-- ABOUT THIS TASK --
Please, without any pictures, set down exactly the part of the listing below that opens with the line containing "La SCPI n'a" and closes with the line containing "El nacimiento de".

-- THE INPUT --

○ ○ ○

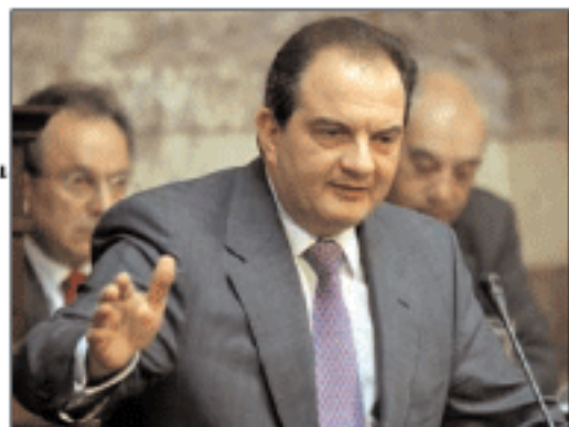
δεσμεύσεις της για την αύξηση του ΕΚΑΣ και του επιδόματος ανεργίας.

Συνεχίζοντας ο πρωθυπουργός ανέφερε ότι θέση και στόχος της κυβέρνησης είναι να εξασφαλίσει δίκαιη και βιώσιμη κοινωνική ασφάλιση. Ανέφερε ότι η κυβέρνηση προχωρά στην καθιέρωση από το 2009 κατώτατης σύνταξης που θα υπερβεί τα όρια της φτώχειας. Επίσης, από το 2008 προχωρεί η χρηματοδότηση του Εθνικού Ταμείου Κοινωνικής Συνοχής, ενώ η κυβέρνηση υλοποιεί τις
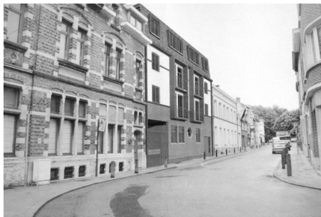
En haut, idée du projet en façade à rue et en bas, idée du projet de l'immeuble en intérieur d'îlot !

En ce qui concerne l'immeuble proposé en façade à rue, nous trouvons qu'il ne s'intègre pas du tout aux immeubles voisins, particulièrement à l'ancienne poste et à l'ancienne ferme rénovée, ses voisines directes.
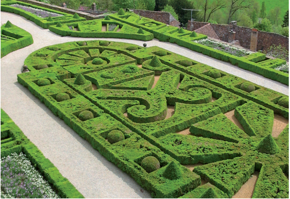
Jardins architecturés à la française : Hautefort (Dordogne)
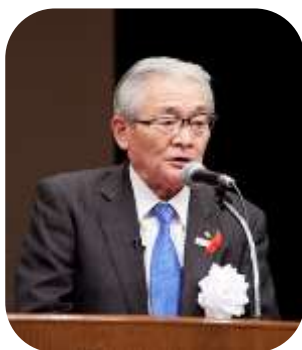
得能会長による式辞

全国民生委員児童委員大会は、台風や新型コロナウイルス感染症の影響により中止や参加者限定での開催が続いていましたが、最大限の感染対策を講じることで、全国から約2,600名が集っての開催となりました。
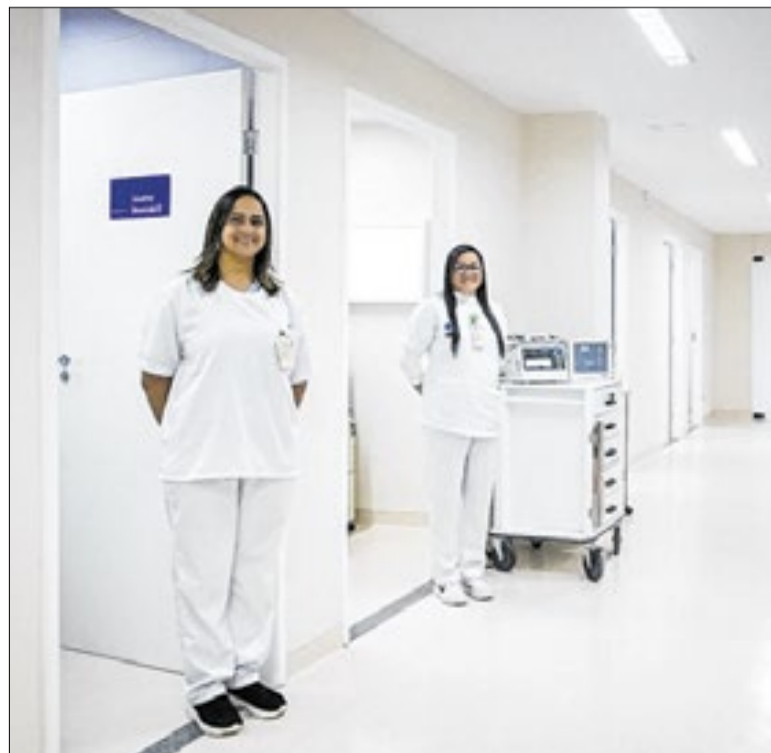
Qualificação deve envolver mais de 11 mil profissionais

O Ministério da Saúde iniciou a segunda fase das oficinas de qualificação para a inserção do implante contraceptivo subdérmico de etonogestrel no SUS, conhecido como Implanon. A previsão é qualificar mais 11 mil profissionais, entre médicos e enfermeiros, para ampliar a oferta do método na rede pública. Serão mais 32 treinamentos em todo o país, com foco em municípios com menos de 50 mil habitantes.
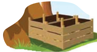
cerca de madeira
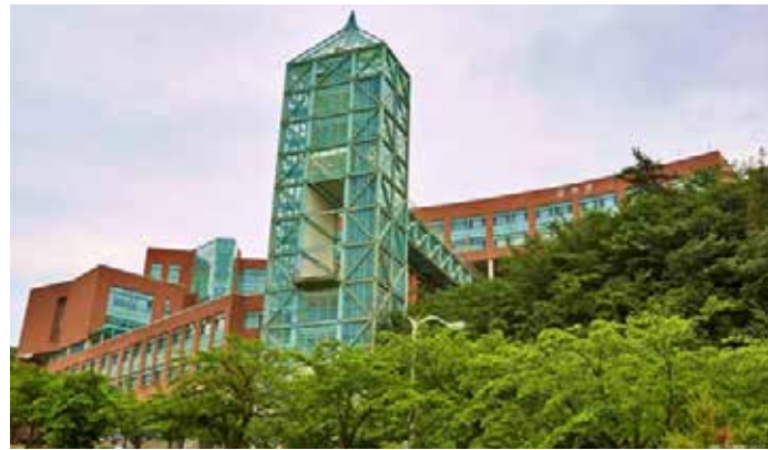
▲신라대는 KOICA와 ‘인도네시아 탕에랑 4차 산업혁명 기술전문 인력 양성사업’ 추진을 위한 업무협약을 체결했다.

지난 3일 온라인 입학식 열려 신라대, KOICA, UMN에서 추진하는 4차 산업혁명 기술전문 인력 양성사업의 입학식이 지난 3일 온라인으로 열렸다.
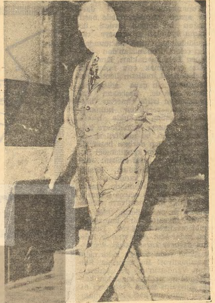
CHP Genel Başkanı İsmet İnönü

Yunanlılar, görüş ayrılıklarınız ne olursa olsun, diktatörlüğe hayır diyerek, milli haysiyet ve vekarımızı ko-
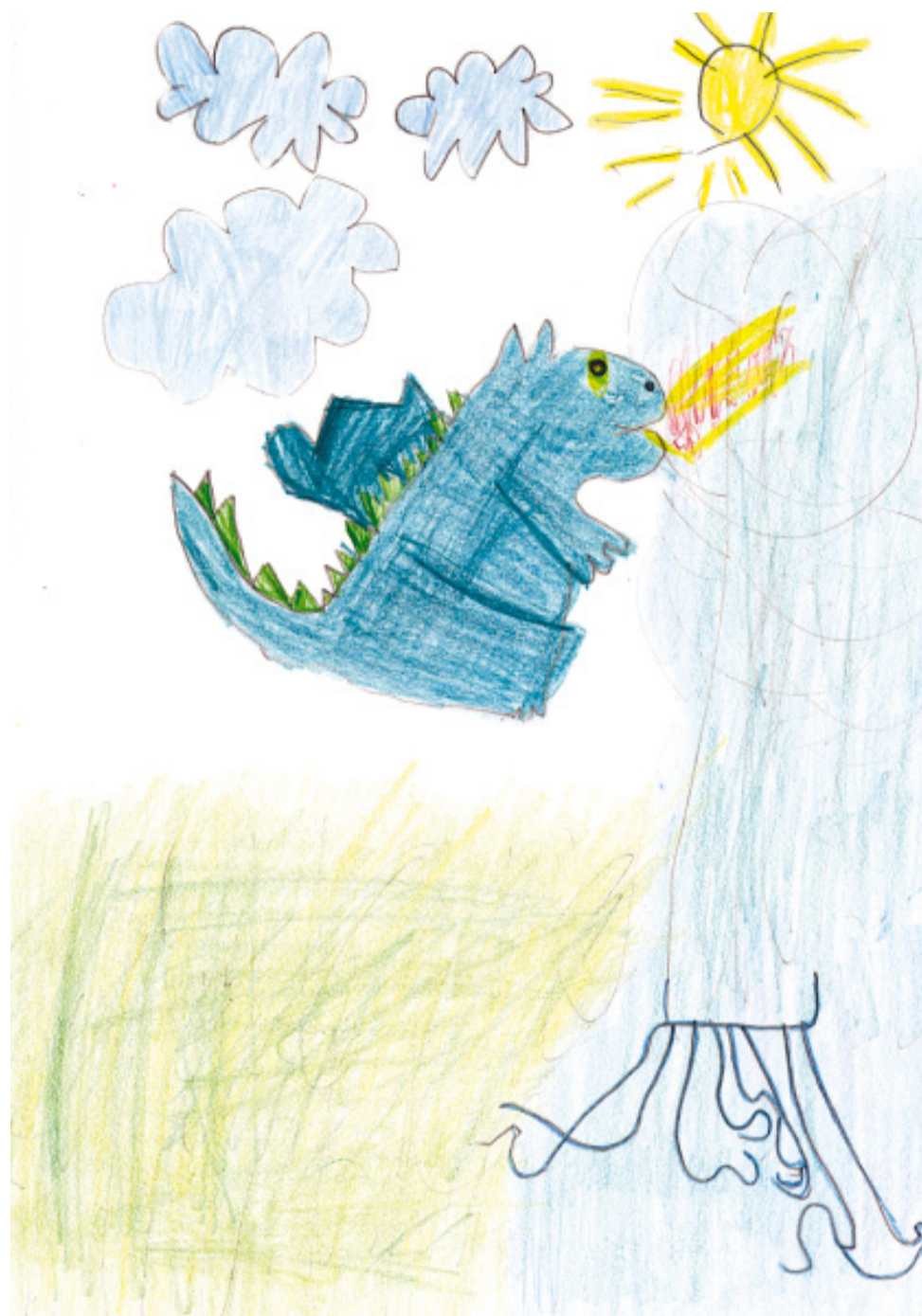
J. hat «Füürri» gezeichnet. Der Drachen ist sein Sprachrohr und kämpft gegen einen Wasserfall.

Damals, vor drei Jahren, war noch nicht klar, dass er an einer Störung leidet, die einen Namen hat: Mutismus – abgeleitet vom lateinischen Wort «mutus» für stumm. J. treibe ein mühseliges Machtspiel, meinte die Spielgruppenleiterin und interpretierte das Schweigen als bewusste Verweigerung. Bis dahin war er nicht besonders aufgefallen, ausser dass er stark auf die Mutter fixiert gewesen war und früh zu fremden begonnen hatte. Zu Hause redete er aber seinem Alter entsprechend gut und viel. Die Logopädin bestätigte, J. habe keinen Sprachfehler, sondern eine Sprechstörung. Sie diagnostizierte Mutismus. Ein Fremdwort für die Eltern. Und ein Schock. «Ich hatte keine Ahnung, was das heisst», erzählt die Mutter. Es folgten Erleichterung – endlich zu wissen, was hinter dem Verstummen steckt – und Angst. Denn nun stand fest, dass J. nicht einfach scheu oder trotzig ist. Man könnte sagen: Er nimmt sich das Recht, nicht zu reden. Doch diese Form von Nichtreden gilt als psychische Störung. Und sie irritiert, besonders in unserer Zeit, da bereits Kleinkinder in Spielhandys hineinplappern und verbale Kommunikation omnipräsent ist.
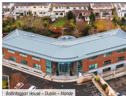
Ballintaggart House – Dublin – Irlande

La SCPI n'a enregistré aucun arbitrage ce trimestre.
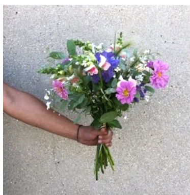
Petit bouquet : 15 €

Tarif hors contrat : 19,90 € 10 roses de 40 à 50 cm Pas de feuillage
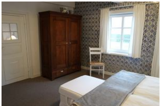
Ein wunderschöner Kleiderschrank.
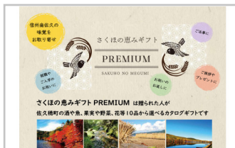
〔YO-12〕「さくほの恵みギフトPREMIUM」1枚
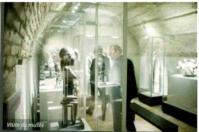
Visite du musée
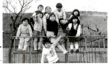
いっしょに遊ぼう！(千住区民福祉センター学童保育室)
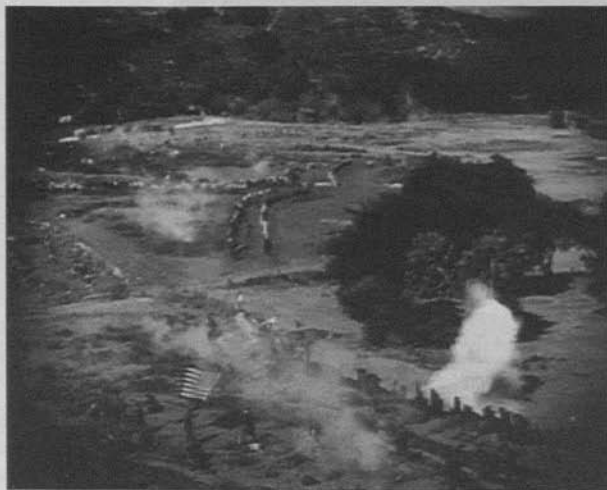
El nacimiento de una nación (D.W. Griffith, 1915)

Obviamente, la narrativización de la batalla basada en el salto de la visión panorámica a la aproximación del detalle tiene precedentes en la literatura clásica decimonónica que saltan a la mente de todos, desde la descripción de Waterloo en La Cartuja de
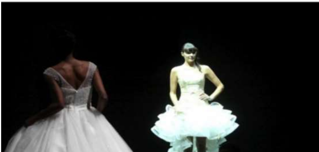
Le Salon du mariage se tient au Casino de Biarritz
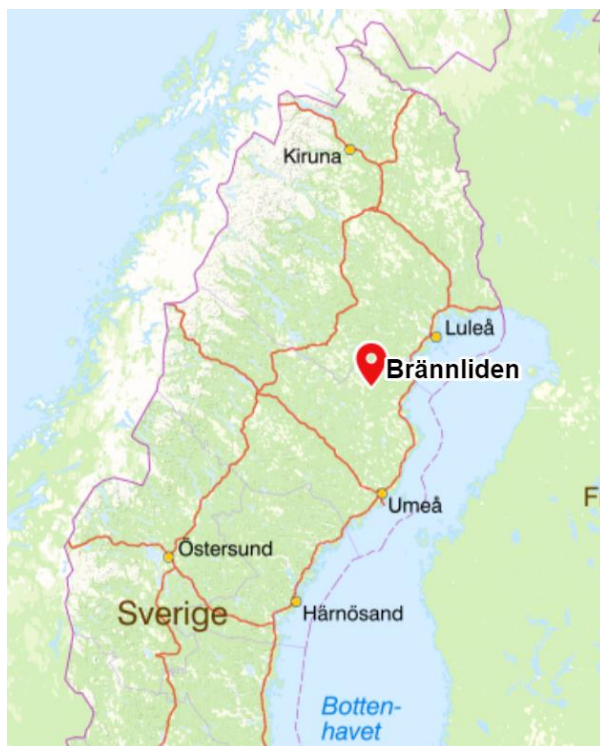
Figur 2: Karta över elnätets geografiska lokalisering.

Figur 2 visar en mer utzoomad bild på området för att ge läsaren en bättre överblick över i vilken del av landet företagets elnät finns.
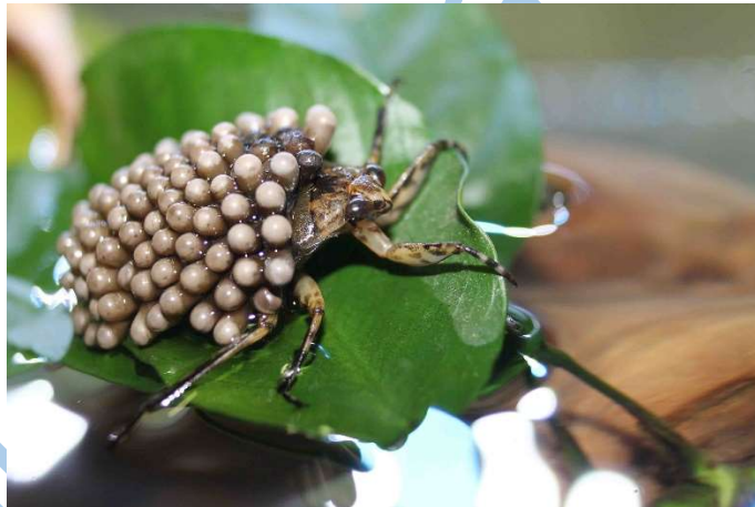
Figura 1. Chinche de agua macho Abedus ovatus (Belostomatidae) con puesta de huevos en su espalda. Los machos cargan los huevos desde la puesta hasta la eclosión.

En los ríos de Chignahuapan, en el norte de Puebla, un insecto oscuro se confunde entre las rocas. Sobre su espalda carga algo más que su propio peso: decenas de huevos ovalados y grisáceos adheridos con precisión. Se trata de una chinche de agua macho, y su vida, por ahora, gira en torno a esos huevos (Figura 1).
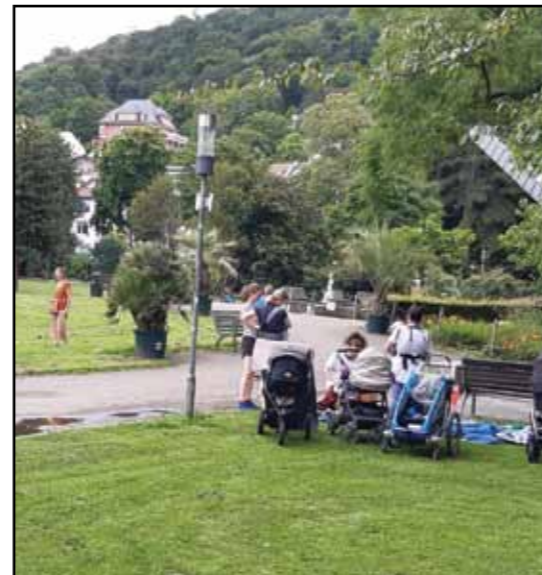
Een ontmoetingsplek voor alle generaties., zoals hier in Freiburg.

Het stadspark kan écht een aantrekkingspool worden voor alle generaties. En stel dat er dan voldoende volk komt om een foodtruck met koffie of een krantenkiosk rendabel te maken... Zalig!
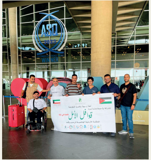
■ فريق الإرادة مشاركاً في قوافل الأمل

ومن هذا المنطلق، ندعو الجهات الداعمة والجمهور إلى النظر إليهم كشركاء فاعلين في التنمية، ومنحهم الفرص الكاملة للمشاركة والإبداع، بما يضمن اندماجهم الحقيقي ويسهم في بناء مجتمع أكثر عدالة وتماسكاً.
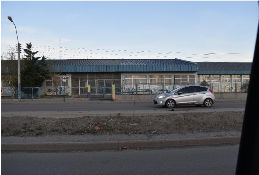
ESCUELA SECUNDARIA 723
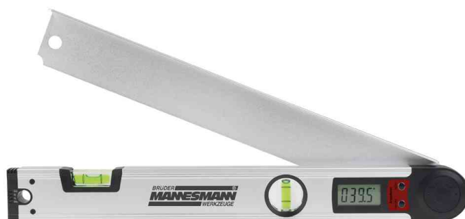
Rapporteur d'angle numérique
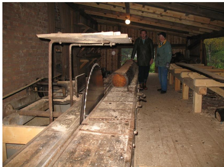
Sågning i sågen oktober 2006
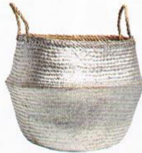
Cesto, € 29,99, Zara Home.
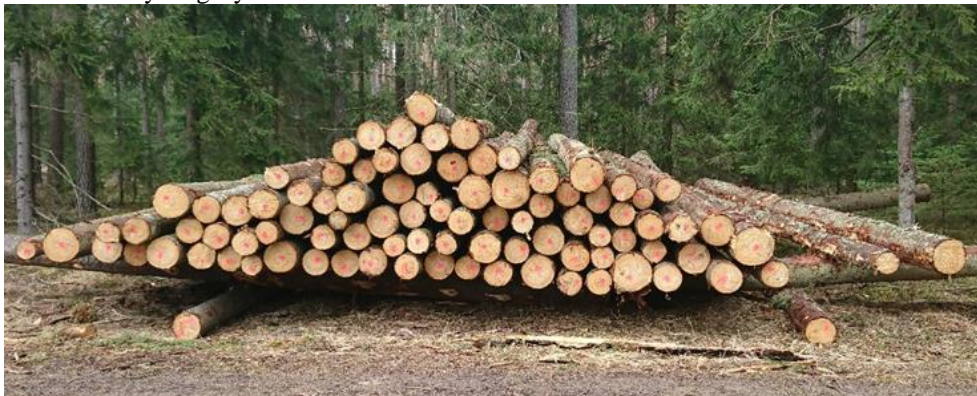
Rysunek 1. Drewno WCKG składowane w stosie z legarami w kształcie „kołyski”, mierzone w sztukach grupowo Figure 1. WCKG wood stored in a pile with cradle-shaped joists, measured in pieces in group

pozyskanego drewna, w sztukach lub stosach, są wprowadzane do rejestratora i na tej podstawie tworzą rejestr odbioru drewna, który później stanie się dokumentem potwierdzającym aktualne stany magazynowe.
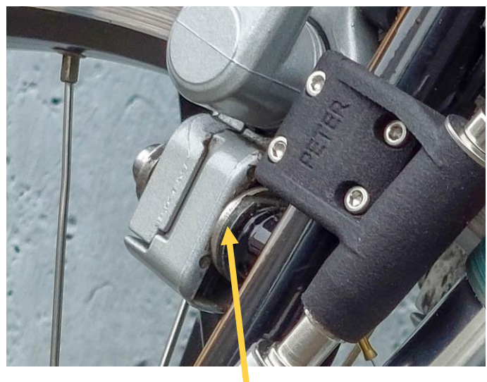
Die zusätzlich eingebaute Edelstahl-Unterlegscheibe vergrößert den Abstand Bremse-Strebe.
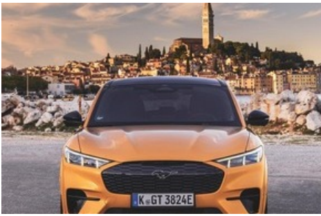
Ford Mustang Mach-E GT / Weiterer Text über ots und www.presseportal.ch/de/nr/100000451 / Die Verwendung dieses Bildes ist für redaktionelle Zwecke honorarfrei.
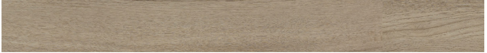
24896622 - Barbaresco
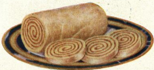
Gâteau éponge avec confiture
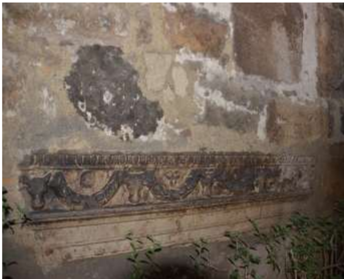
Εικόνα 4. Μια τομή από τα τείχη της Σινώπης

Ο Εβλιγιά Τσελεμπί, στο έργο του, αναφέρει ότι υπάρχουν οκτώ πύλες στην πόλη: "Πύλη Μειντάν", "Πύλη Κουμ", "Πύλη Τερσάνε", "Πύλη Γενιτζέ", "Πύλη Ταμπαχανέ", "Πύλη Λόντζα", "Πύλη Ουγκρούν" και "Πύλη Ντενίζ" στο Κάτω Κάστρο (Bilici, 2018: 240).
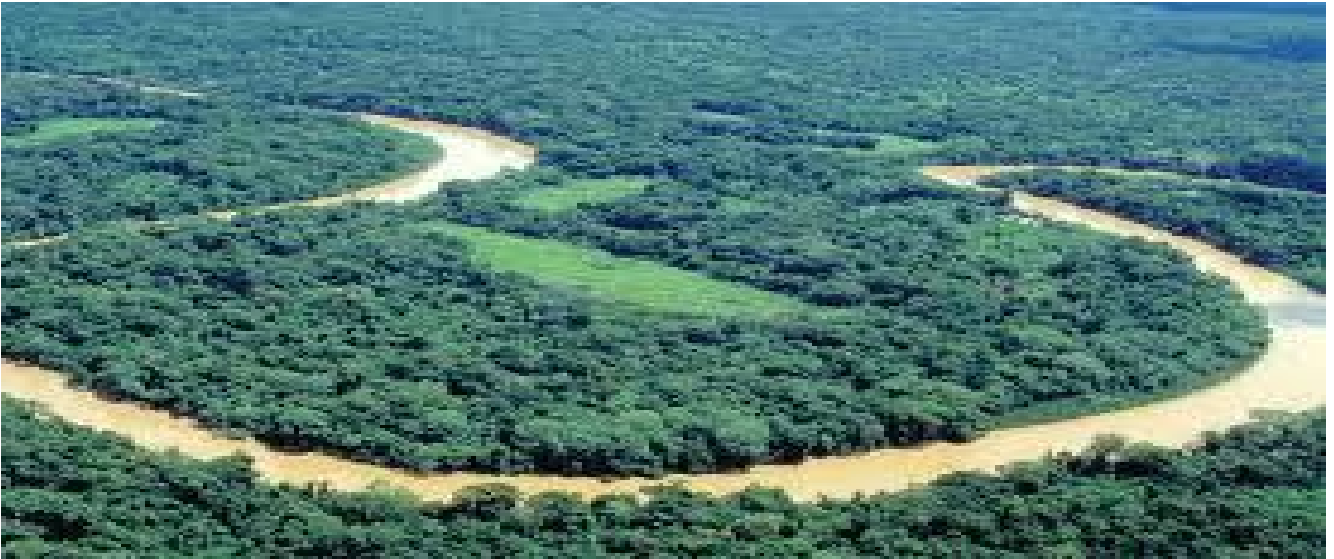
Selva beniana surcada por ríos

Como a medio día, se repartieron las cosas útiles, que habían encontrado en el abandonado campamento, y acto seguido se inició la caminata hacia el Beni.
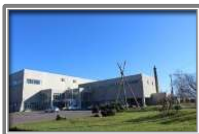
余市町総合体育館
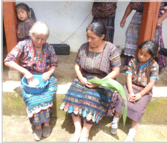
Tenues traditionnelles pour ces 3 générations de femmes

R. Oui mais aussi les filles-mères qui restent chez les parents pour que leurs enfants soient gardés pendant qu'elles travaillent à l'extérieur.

○ ○ ○

-- EXERCISE SOLUTION --
La SCPI n'a enregistré aucun arbitrage ce trimestre.
Petit bouquet : 15 €

Tarif hors contrat : 19,90 € 10 roses de 40 à 50 cm Pas de feuillage
Ein wunderschöner Kleiderschrank.
〔YO-12〕「さくほの恵みギフトPREMIUM」1枚
Visite du musée
いっしょに遊ぼう！(千住区民福祉センター学童保育室)
El nacimiento de una nación (D.W. Griffith, 1915)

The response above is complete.